Blue Devils greet fans at indoor facility
There is simply no one better than Kenny Anunike to speak about Duke football’s growth.
The 23-year-old defensive end arrived on campus in 2008, the year David Cutcliffe became Duke’s coach. Because of injuries, Anunike is playing his sixth season with the Blue Devils.
On Saturday, when an estimated 1,700 fans attended the team’s Meet the Blue Devils Day, Anunike experienced two things he couldn’t have when he got to Durham.
First, the players, coaches and fans were completely dry despite rainy weather and they were comfortably inside the Pascal Field House, Duke’s indoor practice facility that opened in 2011.
Second, the fans wore Belk Bowl apparel in celebration of Duke’s appearance in that game in December — the first time since 1994 the Blue Devils qualified for a postseason bowl game.
“Being in the Pascal makes a huge difference,” Anunike said. “Just seeing all these people so hopeful, so happy to see the changes in Duke football is amazing. It’s never been like this. Last year was a huge step, and this year there is even more people. I’ve gone through four or five pens already.”

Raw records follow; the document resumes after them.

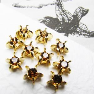 【10ヶセット】 スワロフスキーサイズ 12ss(約3.0mm) セッティング直径 6.5mm 高さ 4.5mm ゴールド・ヴィンテージ ※サイドからワイヤーやチェーンを通すことも可能です ※スワロの色は左上から2段目の(複数個写った)画像をご参照下さい この商品はヴィンテージでございます。 まれに小さなキズ、汚れなどが見られる事もありますが これもヴィンテージ特有の持ち味であると言う事を 理解された上でオーダーをお願い致します。
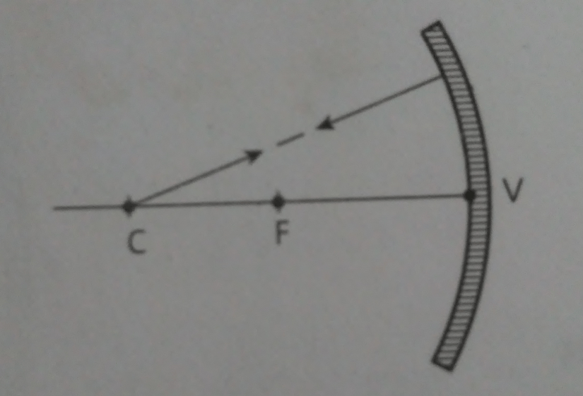 - Cuando el rayo de luz pasa por el centro de curvatura, es reflejado en la misma dirección.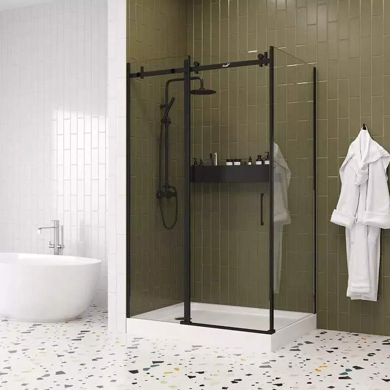 Раздвижная дверь с магнитным замком Soft close. В открытом состоянии створка не занимает полезную площадь в ванной. А магнитный замок обеспечивает плотное закрытие двери и предупреждает попадание воды на пол.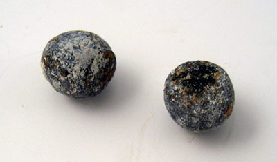 Rundkulor av bly med ena sidan tillplattad.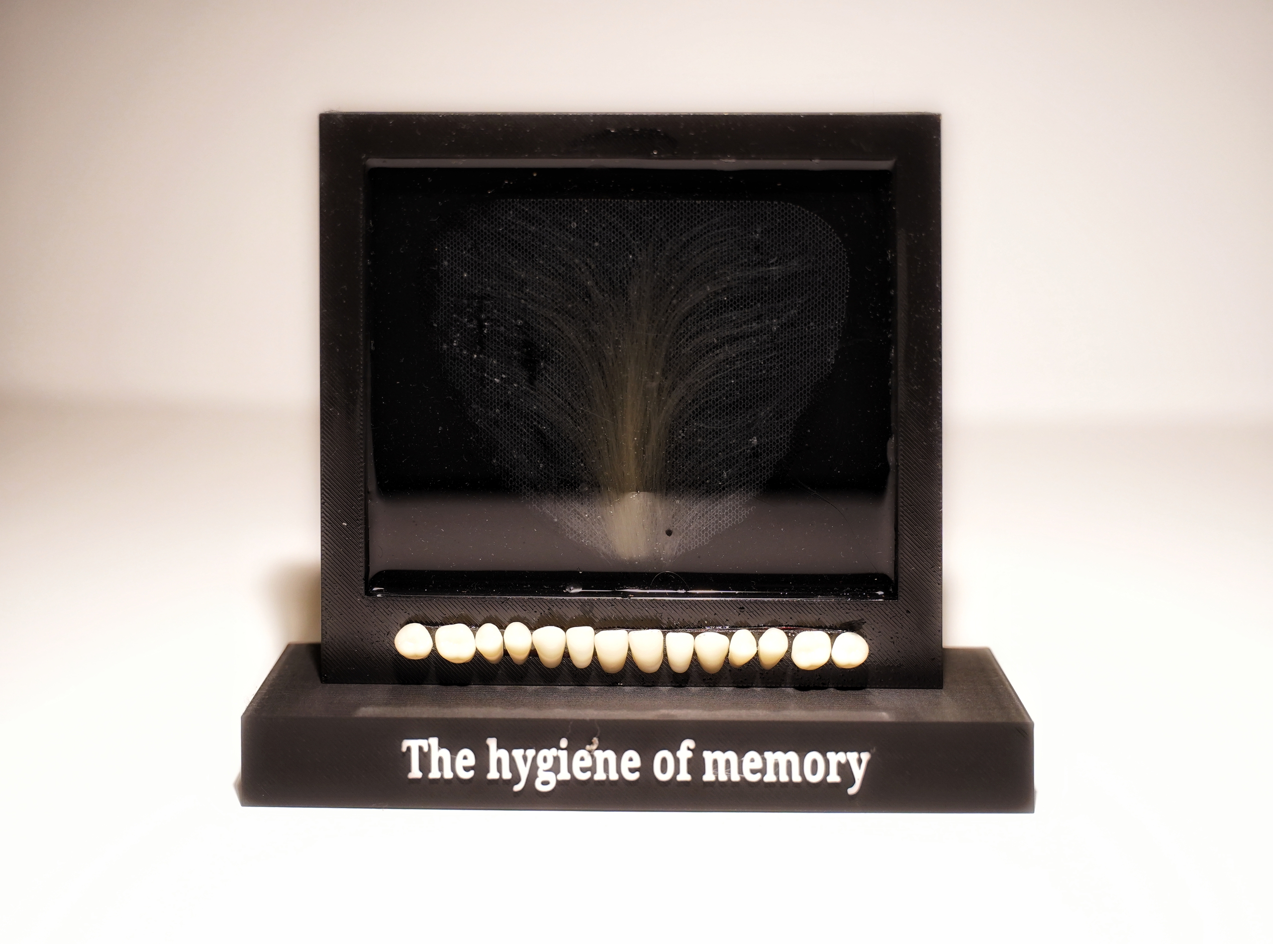 Within a rigid 3D printed, black frame filled with resin, a tuft of artificial pubic hair is preserved. Along the lower edge, a straight line of artificial teeth is aligned, cold and repetitive. These elements evoke intimacy, the body, and memory, yet their artificiality undermines their authenticity. The work reflects on how memory is “hygienized”: emotion and corporeality are reduced to objects, preserved as specimens in a clinical archive. A tension emerges between intimacy and distance, relic and reproduction, life and simulation.

Duke won six games a year ago, the first time since the 1994 season it had accomplished that feat. A five-game losing streak to end the season left the Blue Devils at 6-7, which means it’s been 19 years since Duke had a winning record.
But that blemish did nothing to diminish the excitement among the fans who attended what was scheduled to be a two-hour event. The final autograph actually wasn’t signed until around 4:40 p.m. as Cutcliffe had to work 40 minutes of overtime to whittle down the line that routinely stretched more than 50 yards in front of table.
“This was incredible, starting with the number of fans,” Cutcliffe said. “A large number.”
Having started his career at Ohio State, Jeremy Cash is accustomed to seeing a large number of people at fan-centered events. After all, Ohio Stadium’s capacity is 102,329.
But Cash nevertheless enjoyed interacting with Duke fans on Saturday.
“Everybody is excited to see where the program is going from last year to this year,” said Cash, a redshirt sophomore safety who sat out 2012 under NCAA transfer rules. “Everybody is excited to see me play. I’m happy being back on the field. A lot of people actually know who I am, so that’s a pretty good feeling.”
The Blue Devils and their fans have less than two weeks to wait until the new season arrives. Duke opens Aug. 31 at Wallace Wade Stadium against N.C. Central in the Bull City Gridiron Classic.
In 100 seasons of football, Duke never has played in bowl games in back-to-back seasons. Changing that is a main goal for this season’s team. For a change, there were plenty of people inside and outside the Pascal Field House who believe the Blue Devils have good chance to do so.
“When it comes to the culture change of Duke football, I’m thankful to a lot of people,” Cutcliffe said. “It starts with the Duke administration, athletics administration and the fans and certainly the young men and the coaching staff that has worked so hard to elevate the level of football that we play.
“That’s what a lot of people forget. A culture change will never happen just because you want it to or you say it does. It only changes if your football squad changes.”
Dewalt-Ondijo out for opener
Cutcliffe said Saturday that redshirt junior defensive end Jordan Dewalt-Ondijo will not play when Duke opens the season against N.C. Central.
Dewalt-Ondijo, who played in 12 games and started twice a year ago, had surgery on his left ankle on May 22 and has not practiced with the Blue Devils this month.
“Dewalt-Ondijo is not going to be ready to play,” Cutcliffe said.
The news is better for Justin Foxx, another veteran defensive end recovering from an offseason injury. A redshirt senior, Foxx had knee surgery on Jan. 7 shortly after the Belk Bowl.
He missed spring practice and has been limited in his work this month. But Cutcliffe believes he could see action against NCCU.
“I’m hoping that we may be able to get some snaps out of Justin,” Cutcliffe said. “I don’t see him playing the entire game. But somewhere in here, we’ve got to get his confidence back in his knee. He is running real good and doing his drills full speed. But 11-on-11 he is not comfortable in enough in that yet.”
Mellencamp on hand
Sophomore walk-on cornerback Hud Mellencamp signed autographs and posed for photos Saturday.
Mellencamp was charged with felony battery on Thursday in his hometown of Bloomington, Ind. His younger brother, Speck, and a third teenager also face charges stemming from a July 29 incident where police say they beat and kicked a Bloomington man.
Cutcliffe said Thursday night that Hud Mellencamp would be allowed to miss team activities and return home to deal with his legal issues. He is expected to return to Indiana today.
Speck Mellencamp and Ty Smith turned themselves into Bloomington police on Thursday and were released on bond.
The Mellencamp brothers are sons of rocker John Mellencamp.